EXERCISE MATERIALS:
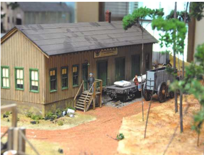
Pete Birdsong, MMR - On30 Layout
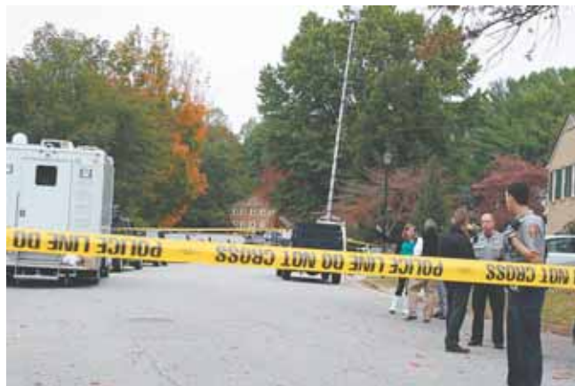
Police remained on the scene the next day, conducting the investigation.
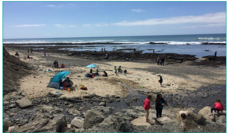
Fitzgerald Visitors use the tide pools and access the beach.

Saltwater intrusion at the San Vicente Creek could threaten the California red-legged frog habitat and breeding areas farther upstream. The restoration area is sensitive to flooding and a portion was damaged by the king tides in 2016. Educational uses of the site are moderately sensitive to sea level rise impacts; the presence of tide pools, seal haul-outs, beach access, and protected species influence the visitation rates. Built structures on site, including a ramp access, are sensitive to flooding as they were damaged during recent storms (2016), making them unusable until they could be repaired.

* * *

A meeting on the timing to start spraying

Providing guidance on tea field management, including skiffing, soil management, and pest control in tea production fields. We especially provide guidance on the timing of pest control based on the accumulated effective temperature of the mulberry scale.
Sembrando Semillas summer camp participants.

---

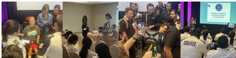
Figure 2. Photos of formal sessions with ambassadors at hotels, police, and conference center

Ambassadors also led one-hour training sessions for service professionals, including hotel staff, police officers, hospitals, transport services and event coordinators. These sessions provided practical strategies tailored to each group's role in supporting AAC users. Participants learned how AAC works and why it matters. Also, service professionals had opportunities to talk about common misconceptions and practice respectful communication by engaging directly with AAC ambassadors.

WORK INSTRUCTION: Give back, exactly as written, the stretch from the line with "Figure 2. Photos" through the line with "Ambassadors also led", and no other lines from the records above.

ANSWER BOX:
Figure 2. Photos of formal sessions with ambassadors at hotels, police, and conference center

Ambassadors also led one-hour training sessions for service professionals, including hotel staff, police officers, hospitals, transport services and event coordinators. These sessions provided practical strategies tailored to each group's role in supporting AAC users. Participants learned how AAC works and why it matters. Also, service professionals had opportunities to talk about common misconceptions and practice respectful communication by engaging directly with AAC ambassadors.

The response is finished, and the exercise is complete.